● **MATERIAL TO PROCESS**:
....
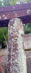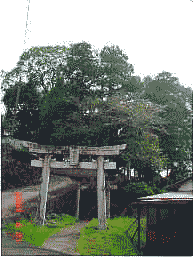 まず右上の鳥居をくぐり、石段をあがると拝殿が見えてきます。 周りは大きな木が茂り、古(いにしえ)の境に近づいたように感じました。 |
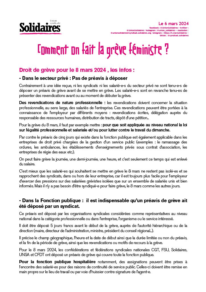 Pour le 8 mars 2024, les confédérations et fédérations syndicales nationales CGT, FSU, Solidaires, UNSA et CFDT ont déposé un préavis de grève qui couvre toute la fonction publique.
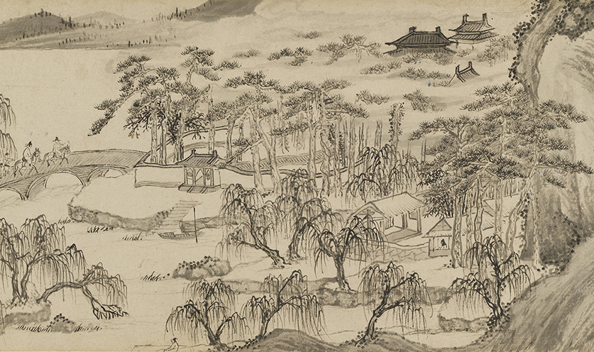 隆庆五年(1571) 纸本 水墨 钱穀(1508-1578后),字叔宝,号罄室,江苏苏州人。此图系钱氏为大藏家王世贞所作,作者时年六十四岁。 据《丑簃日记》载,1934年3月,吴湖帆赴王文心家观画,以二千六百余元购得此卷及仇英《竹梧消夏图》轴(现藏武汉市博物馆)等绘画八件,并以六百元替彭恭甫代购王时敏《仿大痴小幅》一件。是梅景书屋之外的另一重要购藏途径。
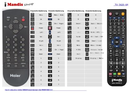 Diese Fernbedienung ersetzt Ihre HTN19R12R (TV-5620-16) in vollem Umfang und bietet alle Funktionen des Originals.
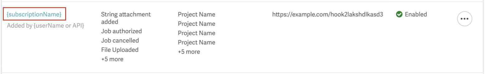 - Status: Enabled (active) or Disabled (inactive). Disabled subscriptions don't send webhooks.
....
Write out exactly the lines from the line containing "隆庆五年(1571) 纸本 水墨" through the last line of the listing above, please, and leave out any pictures.

 隆庆五年(1571) 纸本 水墨 钱穀(1508-1578后),字叔宝,号罄室,江苏苏州人。此图系钱氏为大藏家王世贞所作,作者时年六十四岁。 据《丑簃日记》载,1934年3月,吴湖帆赴王文心家观画,以二千六百余元购得此卷及仇英《竹梧消夏图》轴(现藏武汉市博物馆)等绘画八件,并以六百元替彭恭甫代购王时敏《仿大痴小幅》一件。是梅景书屋之外的另一重要购藏途径。
 Diese Fernbedienung ersetzt Ihre HTN19R12R (TV-5620-16) in vollem Umfang und bietet alle Funktionen des Originals.
 - Status: Enabled (active) or Disabled (inactive). Disabled subscriptions don't send webhooks.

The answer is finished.